A sixth consecutive week of inflows for crypto and digital asset investment products occurred last week, drawing in a mere $36 million.
According to the latest CoinShares report, the inflows persisted despite the ongoing conflict in Ukraine and the accompanying negative sentiment. The report highlighted that Bitcoin trading volumes on crypto exchanges trading the RUB/USD pair surged 121% week-on-week.
Understandably, flows were rather one-sided, with the Americas seeing inflows of $95 million, while European investment products saw outflows amounting to $59 million last week.
The major coins saw inflows last week, albeit in rather subdued amounts. For instance, inflows for Bitcoin-based investment products amounted to $17 million last week. This brings the total of the now fifth consecutive week of inflows to $239 million. Although Ethereum-based products only saw minor inflows amounting to just $4.2 million, it marks the second week in the past three with inflows, which had followed five straight weeks of outflows.
Alternatively, most altcoin-based investment products experienced outflows last week, however minor, which the report noted as unusual. Solana and Litecoin seemed to be the primary focus of negative investor sentiment, with outflows totaling $2.6 million and $500,000 respectively. Among the altcoin-based products, Tezos stood out as the only one with inflows this week, amounting to $4.4 million, which is 14% of assets under management.

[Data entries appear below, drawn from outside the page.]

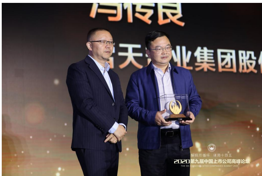
荣获第十届中国上市公司口碑最佳上市公司董事长奖

公司成立了风险管理委员会，制定了风险管理委员会工作规则、重大风险事项管理细则、风险点 A、B、C 分类梳理和应对措施等风险管理制度。以全面风险管理为导向的企业内部控制规范的实施，提升了企业管理水平，保护了投资者合法权益，保证了公司发展战略的实现，促进了公司的可持续发展。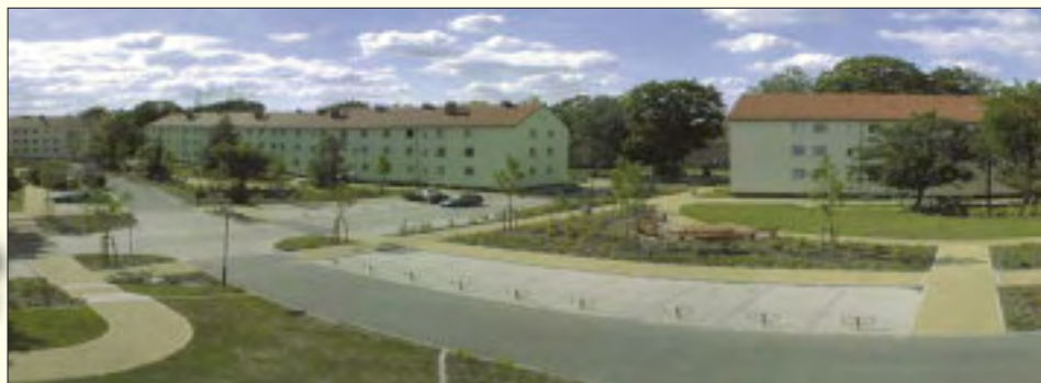
Das Wohngebiet Puschkinstraße hat sich zu einem schönen lebenswerten Wohnbereich entwickelt

rigen Ergebnisse bei der Ausgestaltung und Prägung der Großgemeinde werden die Unternehmen WBG Rüdersdorf mbH und Kommunale Wohnungsverwaltungsgesellschaft Hennickendorf mbH auch zukünftig an dieser doch sehr honorigen Aufgabe intensiv mitwirken.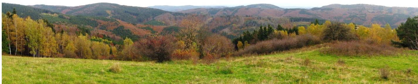
Obr. č.13: Pohled z Pardusu na centrální lesnatou část Hostýnských vrchů.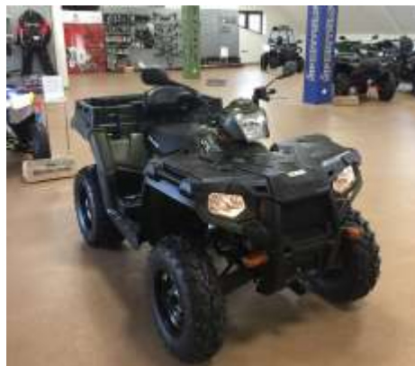
Sportsman 570 X2

Meanwhile, inflows for multi-asset investment products reached $14 million last week. The report highlighted these products as having been a “stalwart” this year, as year-to-date inflows of $83 million have even surpassed Bitcoin. Inflows also continued for blockchain equity funds last week with $8 million.
Last week, CoinShares had also remarked that inflows had continued despite the looming threat of conflict, just prior to the onset of the invasion. While Europe had still experienced inflows, some $101 million of last week’s $109 million in inflows went to the Americas.